Internet access required for this exercise

Here we use rtracklayer to retrieve estrogen receptor binding sites identified across cell lines in the ENCODE project. We focus on binding sites in the vicinity of a particularly interesting region of interest.
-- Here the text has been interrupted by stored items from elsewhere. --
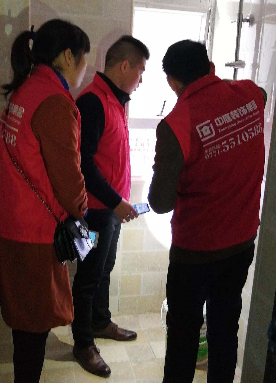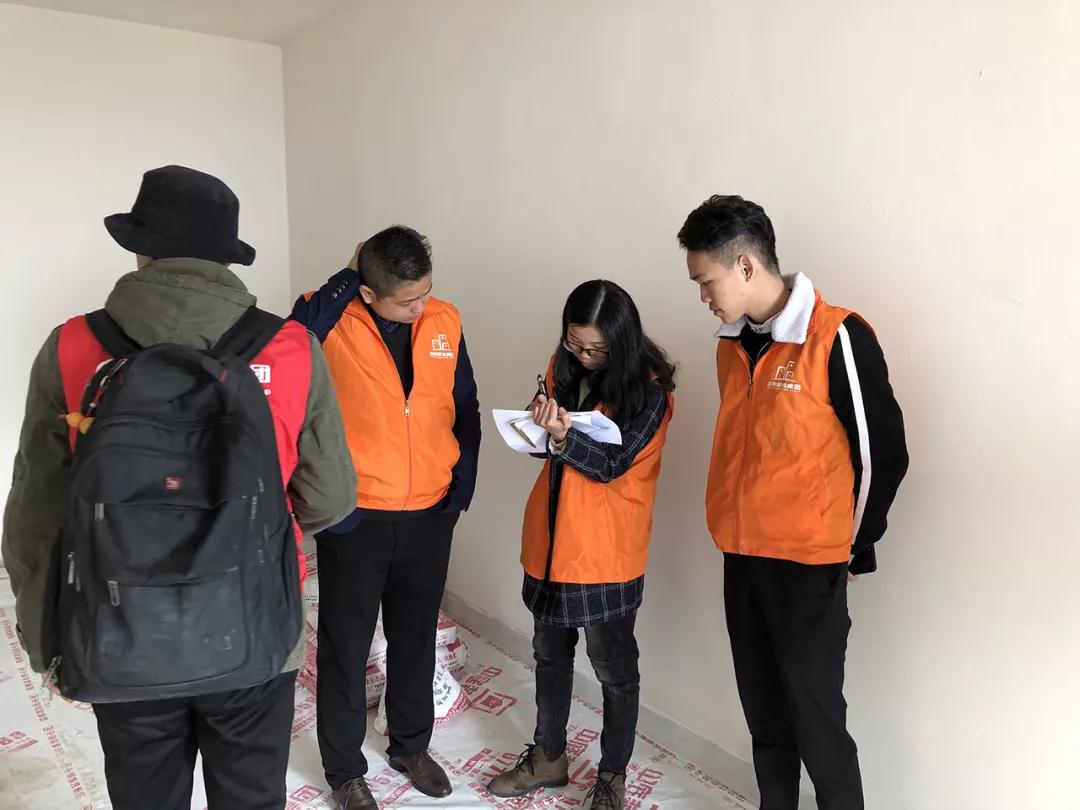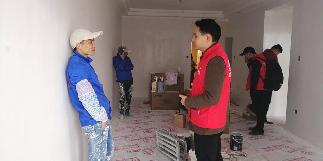 巡檢遇上業(yè)主正在施工現(xiàn)場(chǎng),巡檢人員和業(yè)主交流;業(yè)主表示對(duì)公司的服務(wù)比較滿意,項(xiàng)目經(jīng)理和現(xiàn)場(chǎng)的工人都很好,有朋友需要裝修肯定會(huì)第一個(gè)推薦集團(tuán)。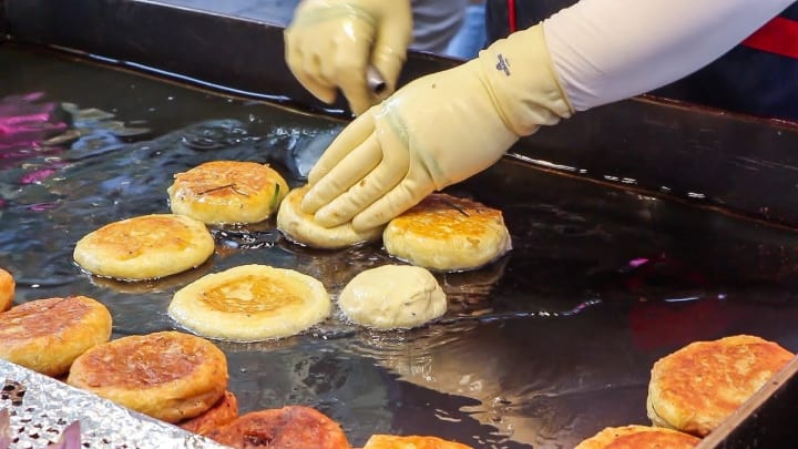 Hotteok is the name given for a sweet, fried pancake. The dough is a typical flour dough that is usually filled with some form of sweet filling and then fried on a flat-top griddle. Some Korean cities, such as Busan, have their own versions of hotteok, but they are a consistently delicious treat!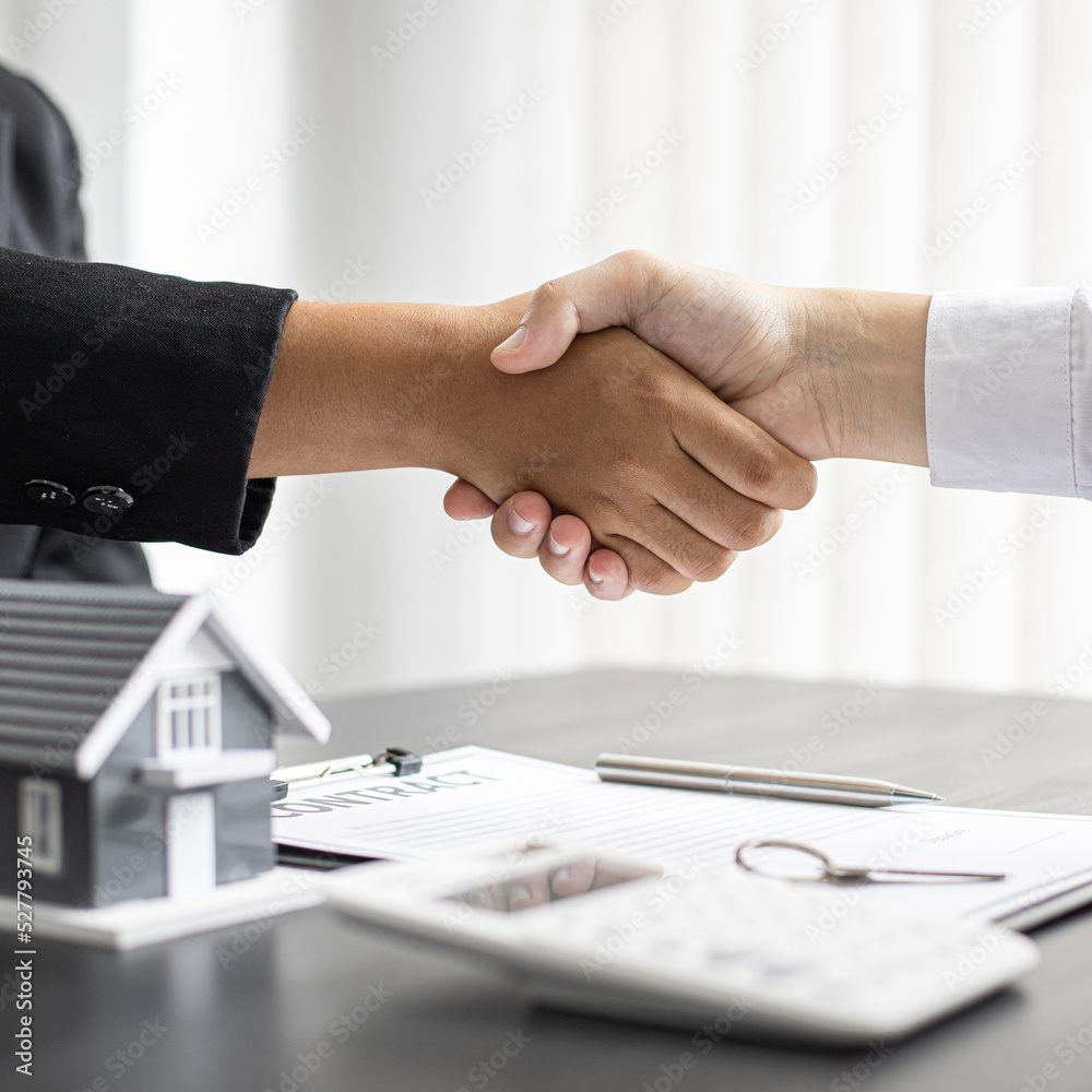 Property manager Shake hands with congratulations on the customers who bought the house with insurance, Hand shake, Success and congratulations concept.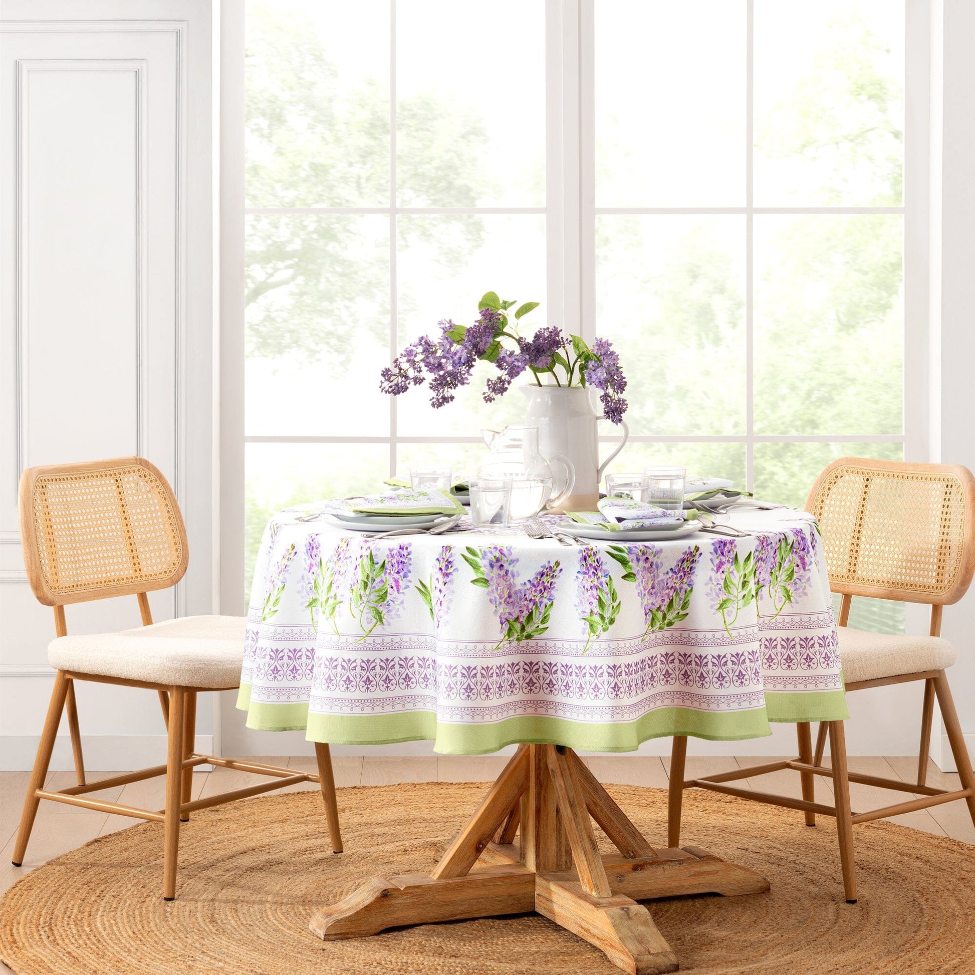 Transform your dining experience with our lovely Lilac Garden Tablecloth, where the beauty of nature meets timeless design. Featuring delicate lilac blossoms gracefully cascading along a lace inspired, floral fleur-de-lis style border, this engineered fabric tablecloth brings the tranquility of a blooming garden right to your table. The soft lavender, pale sage green, and white hues, combined with a geometric center pattern of lilac floral trellis motifs, create a serene, garden-inspired atmosphere. Perfect for hosting a garden brunch, an elegant dinner party, or a cozy family gathering, this classic floral table linen adds a touch of the French countryside to your spring and summer decor. Made from 100% polyester, this tablecloth is both wrinkle-resistant and durable, offering softness that ensures it will last for years. Available as a single tablecloth in various sizes and shapes, including rectangle and round. Elevate your table setting by adding our coordinating Lilac Garden Tablecloth napkins, available for purchase separately.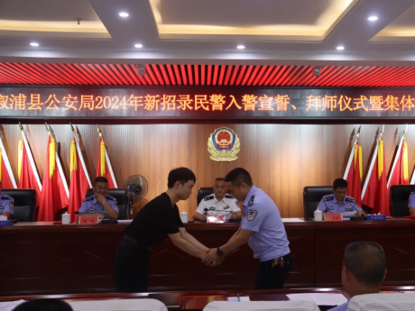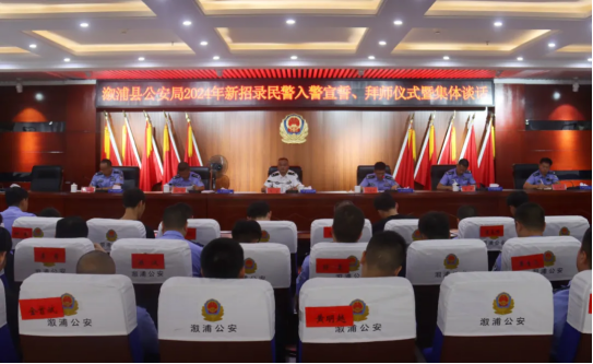 7月12日上午,溆浦县公安局举行2024年新招录民警入警宣誓、拜师仪式暨集体谈话会议,副县长,县公安局党委书记、局长强龙出席会议并讲话,在家局领导、相关部门负责人及新警“师父”参会。会议由局党委副书记、政委艾俊杰主持。

  1. Define our region of interest by creating a GRanges instance with appropriate genomic coordinates. Our region corresponds to 10Mb up- and down-stream of a particular gene.
  2. Create a session for the UCSC genome browser
  3. Query the UCSC genome browser for ENCODE estrogen receptor ERalphaa transcription marks; identifying the appropriate track, table, and transcription factor requires biological knowledge and detective work.
  4. Visualize the location of the binding sites and their scores; annotate the mid-point of the region of interest.

Solution

Define the region of interest

library(GenomicRanges)
roi <- GRanges("chr10", IRanges(92106877, 112106876, names="ENSG00000099194"))

Create a session

library(rtracklayer) 
session <- browserSession()

Query the UCSC for a particular track, table, and transcription factor, in our region of interest

trackName <- "wgEncodeRegTfbsClusteredV2"
tableName <- "wgEncodeRegTfbsClusteredV2"
trFactor <- "ERalpha_a"
ucscTable <- getTable(ucscTableQuery(session, track=trackName,
    range=roi, table=tableName, name=trFactor))

Visualize the result

plot(score ~ chromStart, ucscTable, pch="+")
abline(v=start(roi) + (end(roi) - start(roi) + 1) / 2, col="blue")

3 AnnotationHub

AnnotationHub is a data base of large-scale whole-genome resources, e.g., regulatory elements from the Roadmap Epigenomics project, Ensembl GTF and FASTA files for model and other organisms, and the NHLBI grasp2db data base of GWAS results. There are many interesting ways in which these resources can be used. Examples include

Unfortunately, AnnotationHub makes extensive use of internet resources and so we will not pursue it in this course; see the vignettes that come with the pacakge, for instance AnnotationHub HOW-TOs.

4 Annotating variants

Bioconductor provides facilities for reading VCF files. These work very well with the annotation resources described above, so for instance it is straight-forward to identify variants in coding or other regions of interest.

To develop a sense of the capabilities available, work through the VariantAnnotation vignette ‘Introduction to Variant Annotation’, and the VariantFiltering vignette.